Wow, what a stunner.
Built the same day as mine.
Too nice to drive.
As new except the missing stripes.
http://cgi.ebay.com/ebaymotors...15634


----------



## PerL (Jan 9, 2001)

*Re: Un real urQ on Ebay (Sepp)*

Wow, that is gorgeous!


----------



## WAUOla (Apr 15, 2005)

Tizian(o?)rot paint? Looks nice.


----------



## PerL (Jan 9, 2001)

*Re: (WAUOla)*


_Quote, originally posted by *WAUOla* »_Tizian(o?)rot paint?
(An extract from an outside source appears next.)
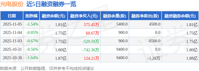 光电股份融资融券信息显示,融资方面,当日融资买入1187.97万元,融资偿还612.52万元,融资净买入575.45万元。融券方面,融券卖出4700.0股,融券偿还200.0股,融券余量5400.0股,融券余额9.35万元。融资融券余额1.81亿元。

Yeah, Tizian in German, Titian in English.
Many VW/Audi colors have slightly different names in German vs. English. Few have totally different names.


----------



## Entwerfer des Audis (Jun 16, 2006)

*Re: Un real urQ on Ebay (Sepp)*

Damn big bumpers and I still prefer the vertical grille & headlamps, but otherwise amazing!!


----------



## vwvanaudi (Jan 21, 2000)

*Re: Un real urQ on Ebay (Sepp)*

Hey Joe...... You say that to all the low milers. LOL....nicer than mine??? NO!!!!!!!!! LOL. This caught my eye for various, obvious reasons......that is a beauty. Not my fav color, but an amazing car nonetheless. How goes it? I have a tech question that I am hoping you can help with: looking to swap out the tired, overheating 5 cyl motor with low oil pressure in my 5+5 with a low mile motor out of an 86 5000. Is this an "easy" swap or is there a better year to swap. I also have a possible line on an 84 engine. What will I need to retain from the 81? Any help is appreciated. How goes it? Email me. Later. Thanks. How are you doing? Adjusted to the east coast yet? Are you coming back sometime...?


----------



## Sepp (Dec 10, 2002)

*Re: Un real urQ on Ebay (vwvanaudi)*

Good to hear from you Van,
I'll get with you off the forum.
Found some nice pictures of your car by the way


----------